= PROVIDED RECORDS =
####################

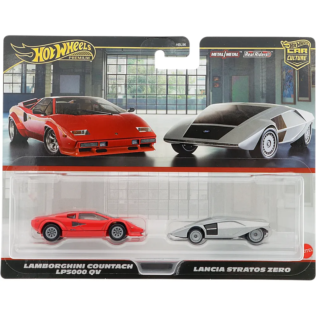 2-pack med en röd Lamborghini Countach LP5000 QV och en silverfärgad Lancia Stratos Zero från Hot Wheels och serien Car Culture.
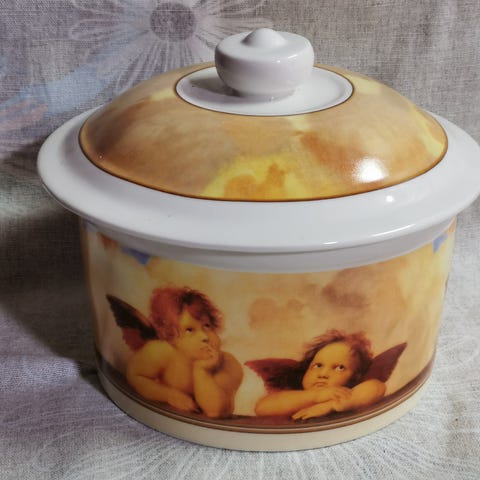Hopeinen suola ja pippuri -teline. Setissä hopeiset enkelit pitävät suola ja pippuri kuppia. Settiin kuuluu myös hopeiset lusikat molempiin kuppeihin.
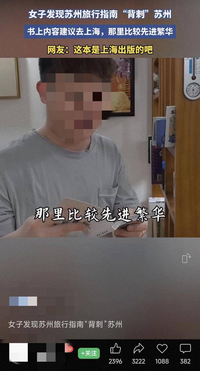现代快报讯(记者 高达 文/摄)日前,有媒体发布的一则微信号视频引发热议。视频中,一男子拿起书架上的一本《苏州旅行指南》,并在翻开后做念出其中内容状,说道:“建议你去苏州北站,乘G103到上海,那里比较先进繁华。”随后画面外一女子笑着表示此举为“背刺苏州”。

####################

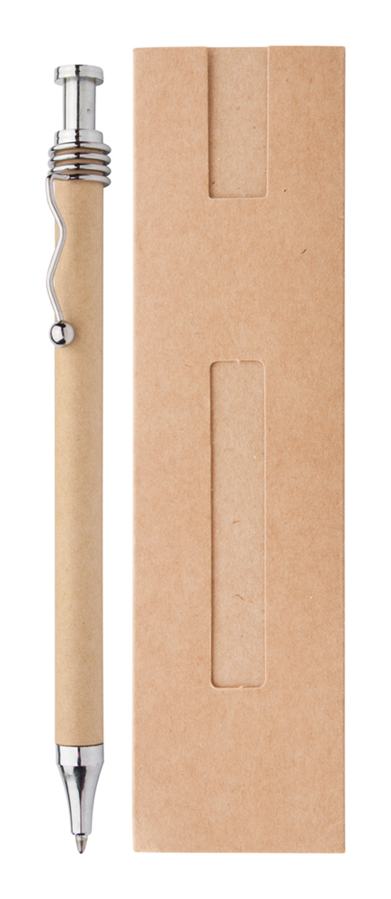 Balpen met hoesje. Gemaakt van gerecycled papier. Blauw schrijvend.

####################

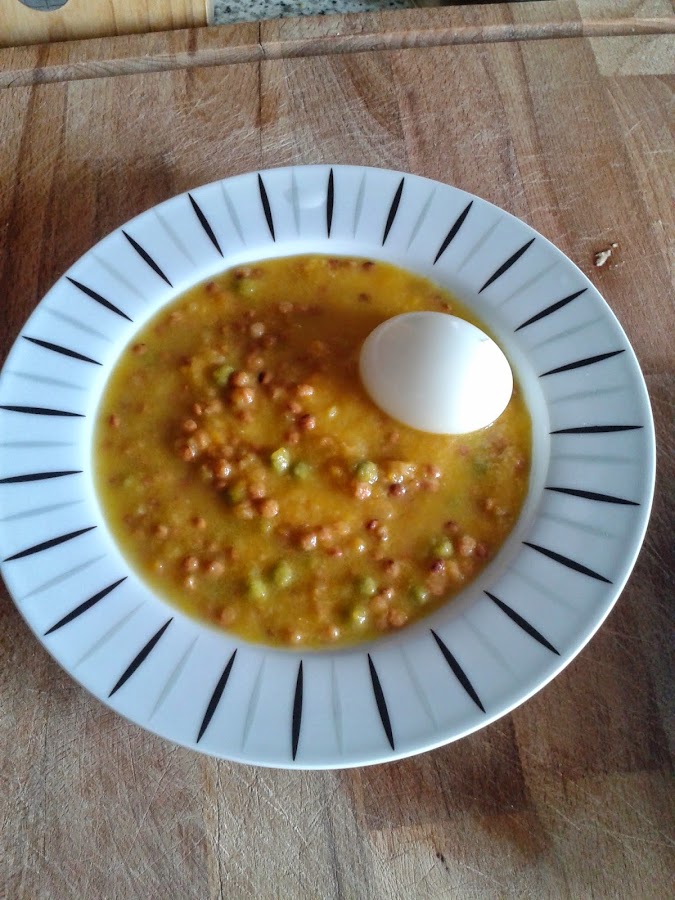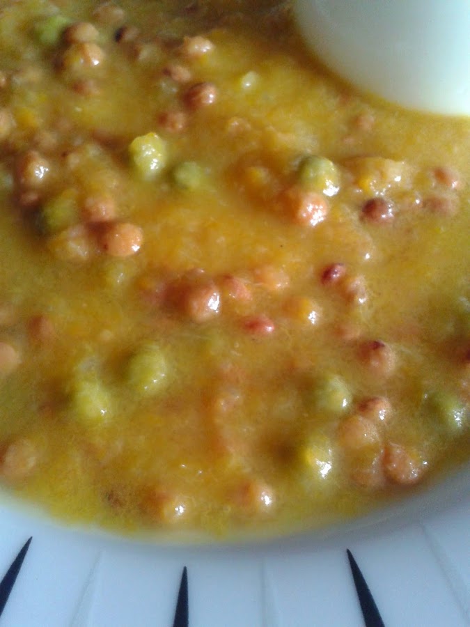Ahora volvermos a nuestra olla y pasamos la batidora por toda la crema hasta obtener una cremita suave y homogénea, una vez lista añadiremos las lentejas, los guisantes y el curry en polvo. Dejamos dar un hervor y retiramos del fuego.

####################

= BRIEF =
From the line containing "2-pack med en" through the line containing "Hopeinen suola ja", copy every line above exactly, without pictures.

= RESULT OF THE EXERCISE =
 2-pack med en röd Lamborghini Countach LP5000 QV och en silverfärgad Lancia Stratos Zero från Hot Wheels och serien Car Culture.
Hopeinen suola ja pippuri -teline. Setissä hopeiset enkelit pitävät suola ja pippuri kuppia. Settiin kuuluu myös hopeiset lusikat molempiin kuppeihin.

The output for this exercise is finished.